The task>
Look through the entries and report how many lines include the word "This". Give the number alone.

Records from a dataset>
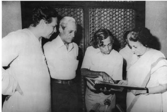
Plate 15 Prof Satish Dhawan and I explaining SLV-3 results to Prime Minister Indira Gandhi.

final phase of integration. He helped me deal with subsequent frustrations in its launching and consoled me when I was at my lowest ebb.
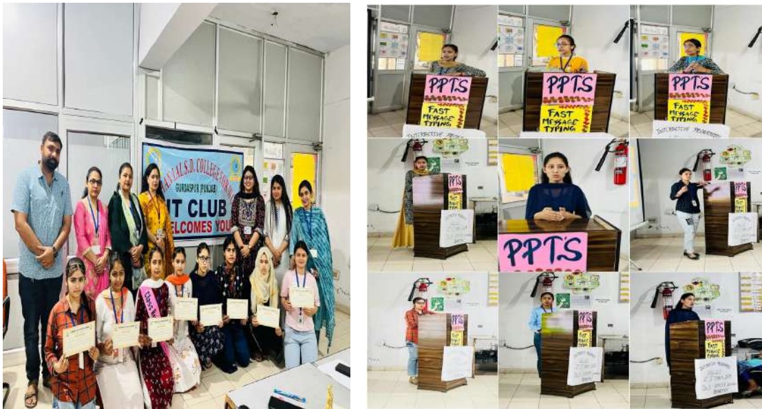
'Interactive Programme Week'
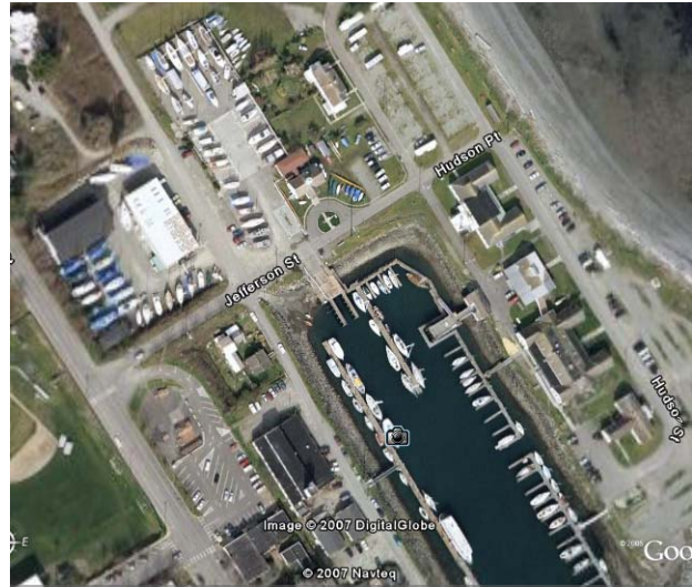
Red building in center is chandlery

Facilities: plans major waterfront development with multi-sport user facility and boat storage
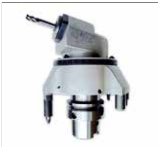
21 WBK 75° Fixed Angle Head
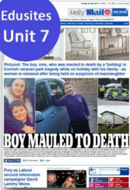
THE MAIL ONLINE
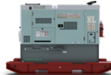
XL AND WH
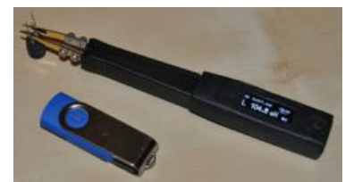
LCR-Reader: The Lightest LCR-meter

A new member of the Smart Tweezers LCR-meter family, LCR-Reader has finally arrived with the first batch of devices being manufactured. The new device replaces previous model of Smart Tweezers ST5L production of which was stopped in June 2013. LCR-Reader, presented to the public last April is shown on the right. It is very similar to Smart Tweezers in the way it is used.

==

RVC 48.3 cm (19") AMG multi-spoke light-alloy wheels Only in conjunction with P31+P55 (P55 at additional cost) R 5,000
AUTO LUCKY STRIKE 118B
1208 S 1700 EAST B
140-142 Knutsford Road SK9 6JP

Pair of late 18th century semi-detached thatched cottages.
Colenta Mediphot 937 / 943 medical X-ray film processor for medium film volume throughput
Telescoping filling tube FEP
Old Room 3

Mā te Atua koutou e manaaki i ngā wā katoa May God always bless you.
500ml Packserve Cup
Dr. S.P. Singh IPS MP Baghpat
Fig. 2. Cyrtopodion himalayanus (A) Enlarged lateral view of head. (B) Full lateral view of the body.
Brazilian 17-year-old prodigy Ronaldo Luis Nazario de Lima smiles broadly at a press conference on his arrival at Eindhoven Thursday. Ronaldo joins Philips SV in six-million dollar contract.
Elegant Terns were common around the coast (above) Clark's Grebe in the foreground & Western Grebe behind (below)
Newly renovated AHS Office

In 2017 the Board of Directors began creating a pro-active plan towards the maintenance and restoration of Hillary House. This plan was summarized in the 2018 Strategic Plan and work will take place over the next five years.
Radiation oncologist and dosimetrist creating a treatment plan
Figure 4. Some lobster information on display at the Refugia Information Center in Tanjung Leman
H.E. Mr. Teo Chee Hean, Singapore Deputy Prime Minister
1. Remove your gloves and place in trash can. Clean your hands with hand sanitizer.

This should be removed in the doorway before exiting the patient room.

Final answer>
2